Show that for the simple random walk on $\mathbb{Z}^D$ with $D\in\mathbb{N}$ one has $(P^{2n})_{0,0}\cdot D^{\frac{n}{2}}\overset{n\to\infty}{\to}const.\cdot D$ by taking the following steps.
(i) Let $\mu$ be a probability measure on $\mathbb{Z}^D$ then one has $\mu(\{x\})=(2\pi)^{-D}\int_{[-\pi,\pi]^D} e^{-i\langle{t,x}\rangle}\phi_\mu(dt)$, where $\phi_\mu$ is the characteristic function of $\mu$.
(ii) Using (i) show that $(P^{2n})_{0,0}=(2\pi)^{-D}\int_{[-\pi,\pi]^D} D^{-2n}(\cos(x_1)+...+cos(x_D))^{2n}dx,$ where $P$ is the trasition matrix for the random walk, so $P_{x,y}=\frac{1}{2^D}$, if $d_1(x,y)=1$ and $P_{x,y}=0$ else.
(iii) Deduce the claim from (ii).
Can someone please help me out here?
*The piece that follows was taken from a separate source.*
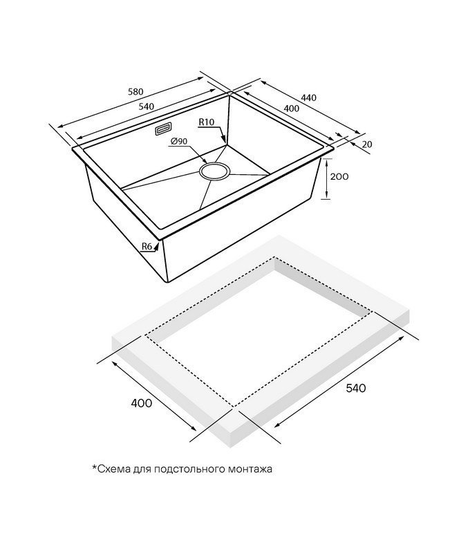 Код товара: 4623395 Рейтинг: 327 1| нержавеющая сталь, размеры: 44x58 см, глубина чаши: 20 см, в шкаф шириной от 60 см

I can show (i) and the proof of (iii) should be straight forward too, but I am stuck with (ii).
Denote by $S_n= X_1 + \cdots + X_n$ the random walk and by $\mu_n$ the distribution of $S_n$, that is $\mu_n(\{x\}) = \mathbb{P}(S_n= x)$. To apply (i), we need to compute the characteristic function of $\mu_n$. Using that the $X_i$ are i.i.d, we have $$\phi_{\mu_{n}}(t) = \mathbb{E}\left[e^{i\langle t,S_n\rangle} \right]= \mathbb{E} \left[e^{i\langle t, X_1 \rangle}\right]^{n}. $$ Now let $v_1 = (1, 0 , \ldots,0), \ldots, v_D = (0, \ldots, 0, 1)$ be the canonical base of $\mathbb{R}^D$. Since $X_1$ is uniformly distributed over $\{ \pm v_1 , \ldots , \pm v_D \}$ (by definition of the simple random walk), we have $$ \begin{align*}\mathbb{E} \left[e^{i\langle t,X_1 \rangle} \right]&= \sum_{k = 1}^D \left(\mathbb{P}(X_1 = v_k)e^{i \langle t, v_k\rangle}+ \mathbb{P}(X_1 = -v_k)e^{-i \langle t, v_k\rangle}\right) \\&= \frac{1}{2D} \sum_{k=1}^D \left(e^{it_k} + e^{-it_k} \right) = \frac{1}{D} \sum_{k=1}^D \cos(t_k).\end{align*}$$
Finally, noticing that $(P^{2n})_{0,0} = \mathbb{P}(S_{2n} = 0) = \mu_{2n}(\{0\})$, it follows from (i) that $$\begin{align*}(P^{2n})_{0,0} &= (2\pi)^{-D} \int_{[-\pi,\pi]^D}\phi_{\mu_{2n}}(t) \, \mathrm{d} t\\&= (2\pi)^{-D} \int_{[-\pi,\pi]^D} D^{-2n} \left(\sum_{k=1}^D \cos(t_k) \right)^{2n} \, \mathrm{d} t.\end{align*}$$